Она хотела быть с ним. Так сильно, что просто не знала, куда деться. Аккуратно расставив тарелки со вторым на подносе, она с тяжелым вздохом отправилась в гостиную. Адам задумчиво потягивал вино из бокала. Когда он поднял голову, Триш показалось, что он видит ее насквозь.
Она молча поставила перед ним тарелку, болезненно остро ощущая его близость. Видимо, Адаму стало жарко: он снял пиджак, оставшись в бежевой рубашке и такого же цвета легких брюках. Невольно представив его тело под одеждой, она вздрогнула и поспешно вышла из комнаты.
Выпив для храбрости вина, Триш понесла в гостиную блюдо с клубникой.

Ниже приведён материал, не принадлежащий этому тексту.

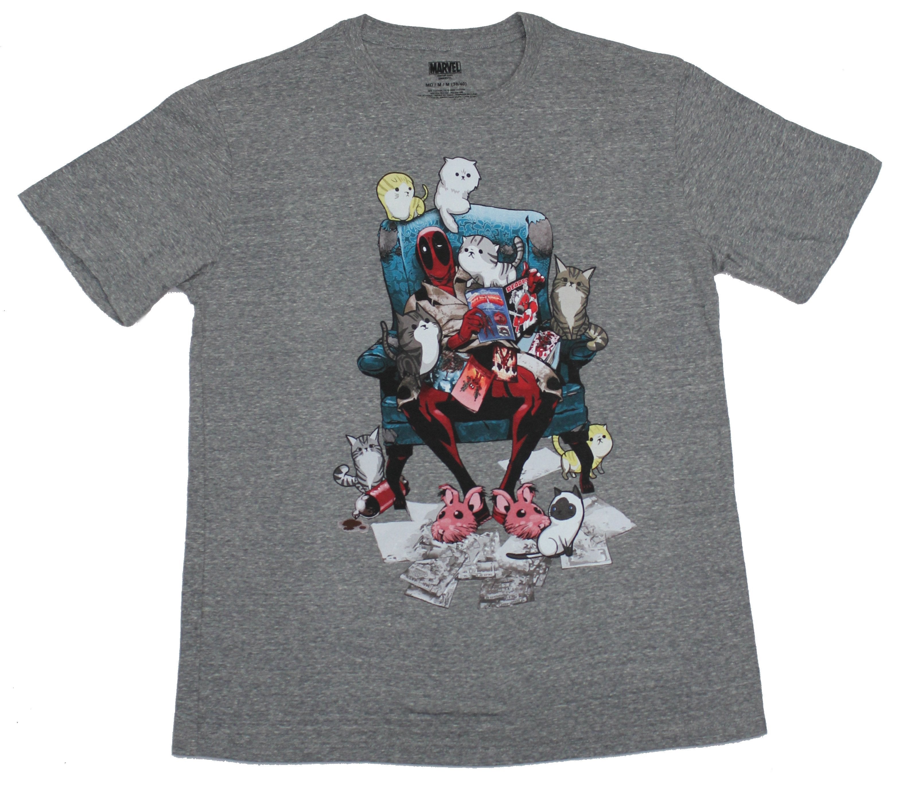 Deadpool (Marvel Comics) Mens T-Shirt - Deadpool Easy Chair Kitty Comic Pile

– Триш… прости. Я ничего не сказал, но обед был очень вкусный. – Он замолчал, задумчиво трогая ложку.
Он не смотрел на нее, но она чувствовала, что его тоже влечет к ней. Прерывисто вздохнув, Триш принялась убирать со стола. Адам схватил ее за руку и привлек к себе.
– Все дело в тебе. Ты испортила мне аппетит, – мягко пожурил он.
– Прости!
– Нужно что-то решать, Триш.
Она уставилась на него, словно загипнотизированная его взглядом.
– Что ты имеешь в виду? – тревожно спросила она. Но все и так было предельно ясно. Пора перестать бросать на него призывные взгляды. Пусть это вышло помимо ее воли, но это не к добру…
Адам резко поднялся, опрокинув стул. Сердце замерло у нее в груди, затем снова часто забилось. Она смотрела на него, не в силах скрыть, как сильно ей хотелось, чтобы он поцеловал ее.